Work task
The answer should hold only the lines from the one containing "لحاف(140*100) – بالش" through the one containing "Compatible con módulos" in the entries below, copied exactly, without pictures.
-- Provided material follows --
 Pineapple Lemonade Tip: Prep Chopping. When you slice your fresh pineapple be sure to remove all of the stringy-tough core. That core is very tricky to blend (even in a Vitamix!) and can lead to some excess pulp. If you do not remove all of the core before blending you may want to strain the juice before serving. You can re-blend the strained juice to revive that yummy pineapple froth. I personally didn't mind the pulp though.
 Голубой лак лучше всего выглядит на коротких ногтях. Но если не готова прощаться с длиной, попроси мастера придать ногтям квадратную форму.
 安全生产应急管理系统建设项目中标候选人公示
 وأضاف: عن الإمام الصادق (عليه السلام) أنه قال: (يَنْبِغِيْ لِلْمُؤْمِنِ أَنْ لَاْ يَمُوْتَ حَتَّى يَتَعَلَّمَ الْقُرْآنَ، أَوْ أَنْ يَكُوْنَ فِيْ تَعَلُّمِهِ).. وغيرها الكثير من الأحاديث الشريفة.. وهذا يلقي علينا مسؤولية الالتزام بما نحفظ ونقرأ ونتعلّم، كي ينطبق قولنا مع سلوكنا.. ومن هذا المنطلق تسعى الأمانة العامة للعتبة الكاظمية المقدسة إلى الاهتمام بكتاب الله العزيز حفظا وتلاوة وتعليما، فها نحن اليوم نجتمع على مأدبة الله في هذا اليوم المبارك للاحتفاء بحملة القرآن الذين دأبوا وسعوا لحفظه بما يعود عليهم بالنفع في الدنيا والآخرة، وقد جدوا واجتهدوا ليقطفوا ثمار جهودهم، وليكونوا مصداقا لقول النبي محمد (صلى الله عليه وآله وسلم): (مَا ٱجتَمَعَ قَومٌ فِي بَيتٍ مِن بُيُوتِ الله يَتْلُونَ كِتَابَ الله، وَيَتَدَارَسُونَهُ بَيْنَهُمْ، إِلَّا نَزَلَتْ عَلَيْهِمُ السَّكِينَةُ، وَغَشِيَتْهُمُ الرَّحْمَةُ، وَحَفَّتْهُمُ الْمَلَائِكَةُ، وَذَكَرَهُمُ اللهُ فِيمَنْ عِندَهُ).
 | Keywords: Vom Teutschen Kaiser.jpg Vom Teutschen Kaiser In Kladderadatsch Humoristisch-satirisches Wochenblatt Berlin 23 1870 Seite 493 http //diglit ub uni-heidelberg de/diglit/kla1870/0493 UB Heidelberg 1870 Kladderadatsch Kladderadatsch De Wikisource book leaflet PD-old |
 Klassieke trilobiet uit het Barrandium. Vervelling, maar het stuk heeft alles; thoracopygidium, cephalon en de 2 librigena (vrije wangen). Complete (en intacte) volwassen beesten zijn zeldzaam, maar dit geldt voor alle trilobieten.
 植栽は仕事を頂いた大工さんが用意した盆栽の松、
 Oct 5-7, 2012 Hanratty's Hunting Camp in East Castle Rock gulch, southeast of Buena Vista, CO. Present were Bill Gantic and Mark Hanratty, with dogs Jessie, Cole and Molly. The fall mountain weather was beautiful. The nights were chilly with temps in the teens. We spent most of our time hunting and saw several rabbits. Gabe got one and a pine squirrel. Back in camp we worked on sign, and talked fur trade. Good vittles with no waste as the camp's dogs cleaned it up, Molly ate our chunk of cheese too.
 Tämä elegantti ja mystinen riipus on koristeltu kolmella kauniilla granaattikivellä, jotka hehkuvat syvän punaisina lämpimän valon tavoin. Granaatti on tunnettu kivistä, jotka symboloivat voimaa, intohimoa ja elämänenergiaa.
-- Provided material concluded --
-- Provided material follows --
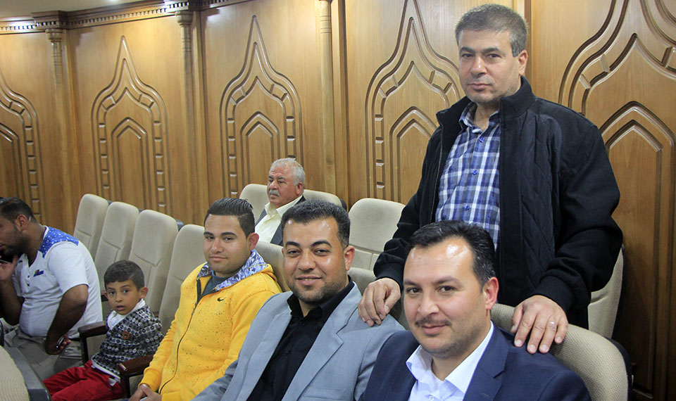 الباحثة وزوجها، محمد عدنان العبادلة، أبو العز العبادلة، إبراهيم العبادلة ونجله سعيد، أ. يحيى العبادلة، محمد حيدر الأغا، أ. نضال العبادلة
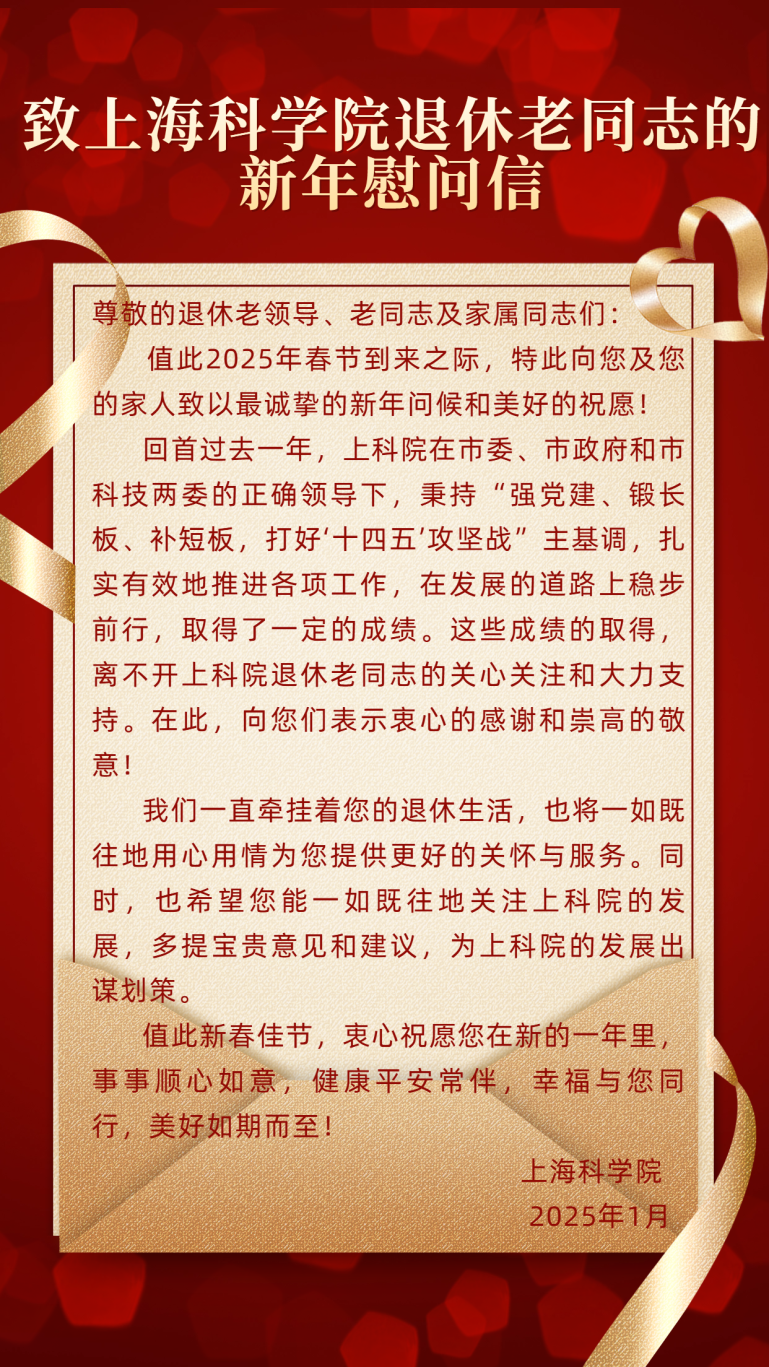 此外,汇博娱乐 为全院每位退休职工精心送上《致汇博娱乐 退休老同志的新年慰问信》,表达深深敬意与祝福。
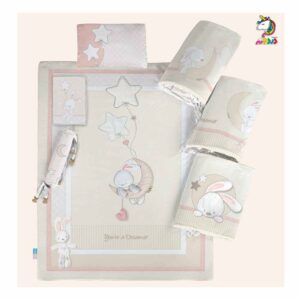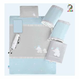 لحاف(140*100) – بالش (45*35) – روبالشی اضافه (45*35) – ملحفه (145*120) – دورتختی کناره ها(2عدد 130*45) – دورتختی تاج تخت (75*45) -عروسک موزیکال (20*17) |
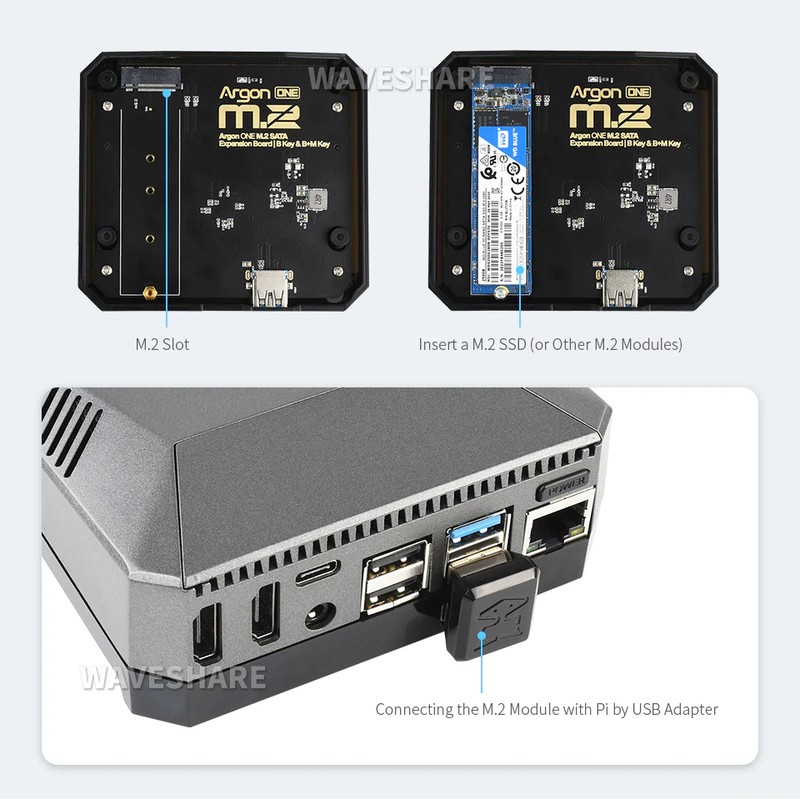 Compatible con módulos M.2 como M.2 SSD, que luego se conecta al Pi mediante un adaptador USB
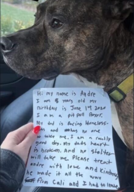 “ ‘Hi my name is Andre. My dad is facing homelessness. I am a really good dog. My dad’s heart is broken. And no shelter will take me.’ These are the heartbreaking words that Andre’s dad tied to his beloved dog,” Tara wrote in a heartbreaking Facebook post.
-- Provided material concluded --
-- Provided material follows --
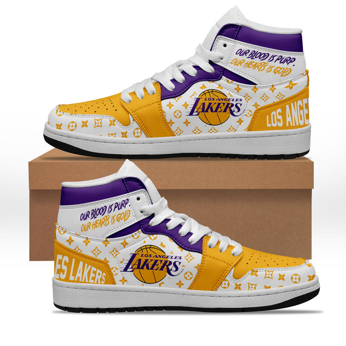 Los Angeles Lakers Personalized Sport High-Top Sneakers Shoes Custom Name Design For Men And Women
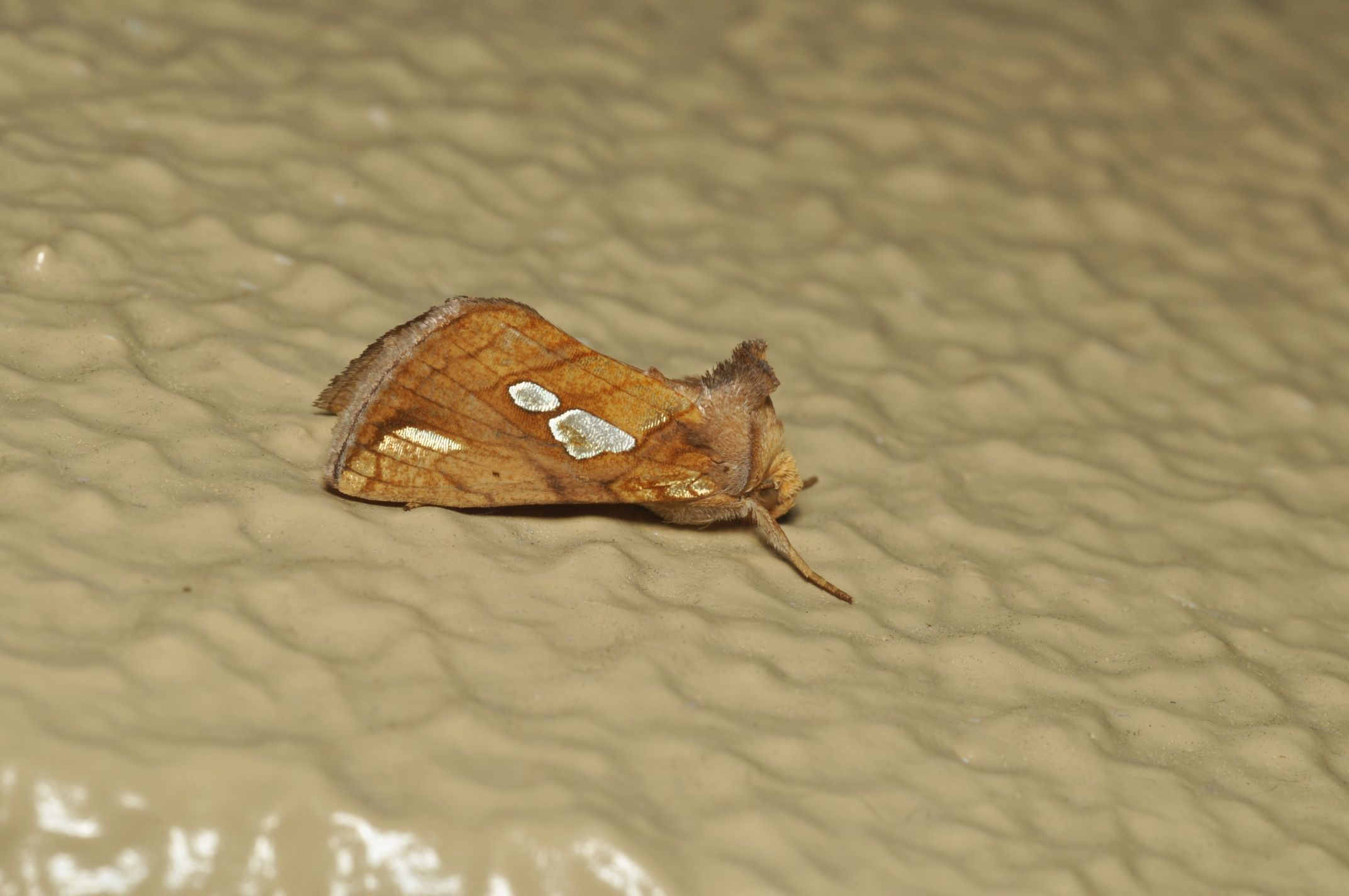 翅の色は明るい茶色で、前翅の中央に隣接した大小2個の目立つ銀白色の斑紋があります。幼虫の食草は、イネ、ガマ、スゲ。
-- Provided material concluded --
Response area
 لحاف(140*100) – بالش (45*35) – روبالشی اضافه (45*35) – ملحفه (145*120) – دورتختی کناره ها(2عدد 130*45) – دورتختی تاج تخت (75*45) -عروسک موزیکال (20*17) |
 Compatible con módulos M.2 como M.2 SSD, que luego se conecta al Pi mediante un adaptador USB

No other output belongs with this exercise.